Grimshaw sat down next to his fallen officer, his energy spent. He looked through a hole in the vehicle’s armor. Dark green and mottled browns sped by as the Barracuda cut through the shadows under the thick forest canopy. They had survived against the odds, but night was coming, and they were far from out of the woods.
12
Dead Or Alive
As Clio’s eyes parted, a searing pain drove through the back of her head like a white-hot knife. She choked and warm vomit soaked through the front of her uniform. She cradled her head until the wave of agony passed. It eventually faded to a hum but hid just beneath the surface, threatening to strike again. Blurred lights floated around her against stark darkness. She rubbed her eyes to rid herself of the smudges, but it made no difference. If not for the pain raking her body, she would have entertained suspicions of an afterlife.
Processing her thoughts through the head-fog proved difficult. She vaguely recalled steering the Bakura into Targos City on Colony 115.

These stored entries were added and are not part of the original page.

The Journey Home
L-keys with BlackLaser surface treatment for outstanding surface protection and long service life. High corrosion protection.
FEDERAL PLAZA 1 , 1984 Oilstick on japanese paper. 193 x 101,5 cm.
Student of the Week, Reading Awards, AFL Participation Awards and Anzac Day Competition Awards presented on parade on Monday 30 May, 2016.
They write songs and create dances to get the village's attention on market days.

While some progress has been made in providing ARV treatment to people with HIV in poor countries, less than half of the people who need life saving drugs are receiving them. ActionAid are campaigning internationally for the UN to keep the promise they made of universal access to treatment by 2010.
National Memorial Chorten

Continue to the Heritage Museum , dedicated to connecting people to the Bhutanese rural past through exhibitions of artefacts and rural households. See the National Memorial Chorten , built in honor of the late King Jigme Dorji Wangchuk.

Is that where I am? Something tickled the back of her throat, and she coughed, the action causing the vomit-inducing pain in her head to explode again. She held her breath and it simmered down quicker than before.

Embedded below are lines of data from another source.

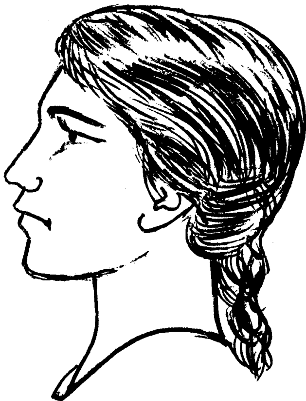
Kapitan Mi Stage 9, Decodable KalanguyaCommunity Living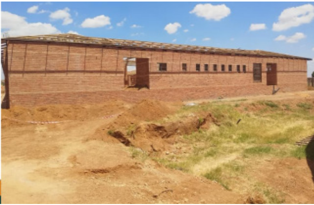
Semphato Secondary School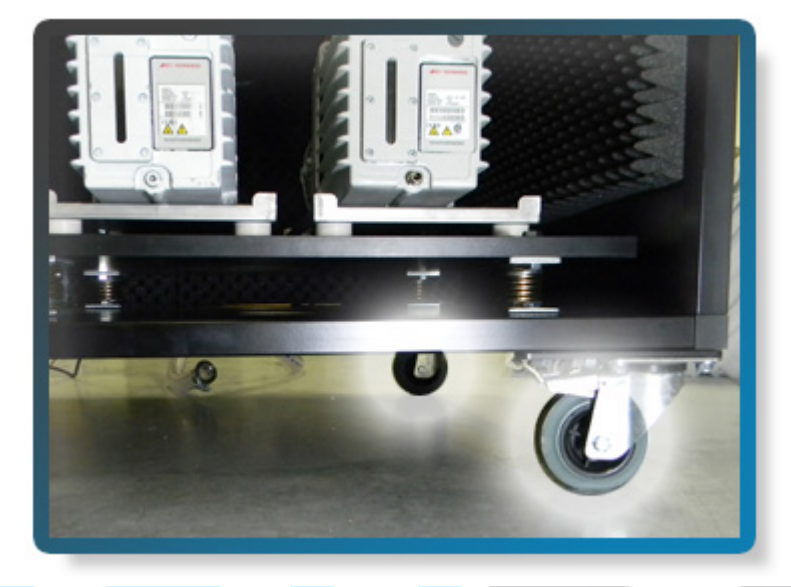
Fully movable bench

Fully movable bench with a weight capacity above 440 kg / 970 lbs and Chemical resistant worksurface for laboratory applications. Different bench sizes available depending the configuration of the LC/GC/MS. Black steel powder coated frame.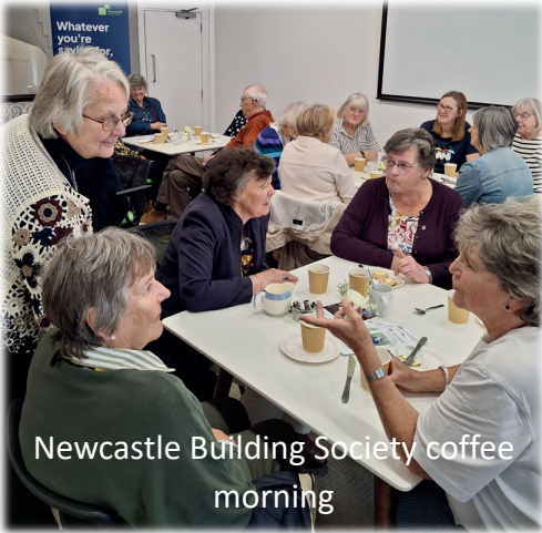
Newcastle Building Society coffee morning

May has been quite a busy month for the Federation, we began with a new venture, a coffee morning in the Newcastle Building Society Carlisle, which was well attended, thank you. That is the venue for our Quizzical Walk on Wednesday 8 th July with more details elsewhere in the magazine. We have been walking the streets of the city preparing the questions!

How am I alive? Their chances of survival had been negligible. The high-rise structure was the last thing she remembered. Clio clenched her teeth against the pain and drew a deep breath. Where are the others?
“Hello.” The sound was barely audible. Her throat was dry, and her lips felt like sand. She tried wetting them with her tongue and tasted blood. “Is anyone there?” sh
e called into the darkness, the words a little louder.
No one answered.
Either the other survivors had abandoned her, or there were no other survivors.

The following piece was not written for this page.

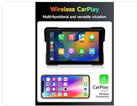
Image: The device displaying the Wireless CarPlay interface, showing various app icons like Phone, Music, Maps, and Messages, with a smartphone below demonstrating wireless connection.

allowing access to navigation, music, and communication apps.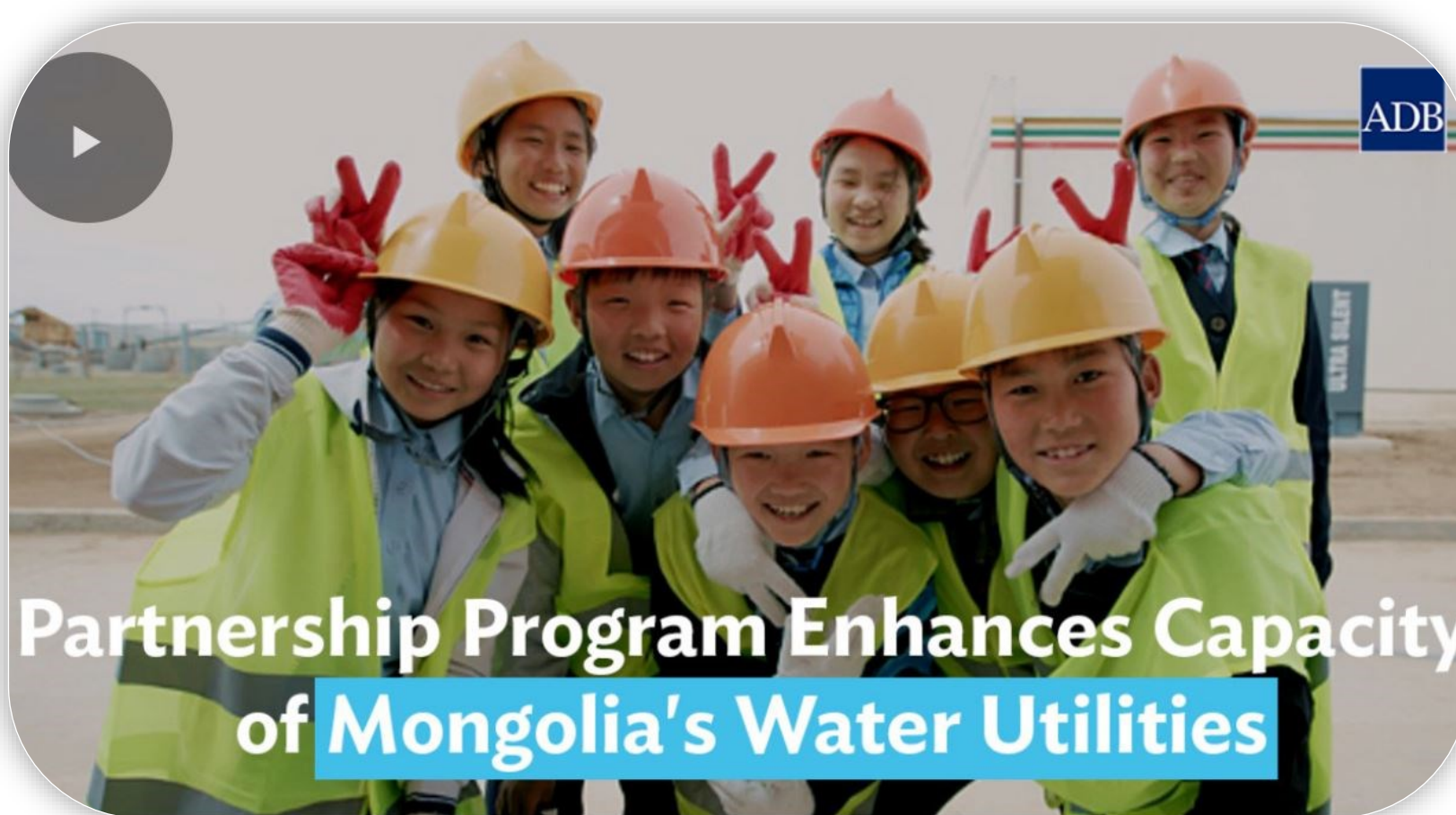
Partnership Program Enhances Capacity of Mongolia's Water Utilities

The Water Operators Partnership Program in Mongolia complemented ADB-supported projects on wastewater and sludge management and paired public utilities in Uvurkhangaï and Bulgan provinces of Mongolia with King County Wastewater Treatment Division from Seattle, USA. The program has improved capacity of local operators through sharing of expertise and best practices in wastewater treatment plant operation and maintenance, systems monitoring, asset management, and safe sludge handling and reuse. An innovative feature of the program was community education and engagement activities that aimed at enhancing citizens participation in environment protection by raising understanding about safe sanitation and wastewater treatment processes. These activities also established a good

Why is it dark? What’s with the lights? Clio inhaled again, the air filled with the stench of blood, waste, and fumes. Her senses gradually returned, and she mustered the strength to push herself off the pilot’s chair. She made it partway before falling back to her resting position, head thudding against the headrest, burning stars tearing through her brain. She fought down the urge to vomit again. The smudges of light spun and faded as consciousness slipped. Clio grabbed the armrests tightly as if to root herself in reality. She bit the inside of her cheek, and a brief surge of alertness filled her veins.
An unknown amount of time passed before she steadied her breathing and took stock. Something heavy pinned her to the chair. With the splitting-headache subsiding, she noticed a lack of feeling in her legs. Clio’s hands tentatively reached out to determine what had trapped her on the chair. Her fingers brushed a cold pitted surface, like textured metal. She traced where the metallic edges touched her thighs and found a sharp corner had cut into her left leg. As far as Clio could tell, though, everything was intact, and hard coagulated lumps surrounded the wound. At least it wasn’t actively bleeding. Perhaps the debris was keeping pressure on her blood vessels. It meant her legs may have been lost. How long have I been here?
Cloying smoke filled her throat and sent her into another coughing fit. She shifted her weight and leaned into the metal sheeting with what little strength she could muster. It wouldn’t so much as budge, and she eased back into the chair.
“Anybody there?” She wheezed.
Still nothing.
The smoke thickened, and her eyes began to water. She tore her left sleeve and wrapped the fabric around her face, careful not to upset her head injury. The makeshift filter made little difference, but she hoped it would buy her some time—for what, she didn’t know.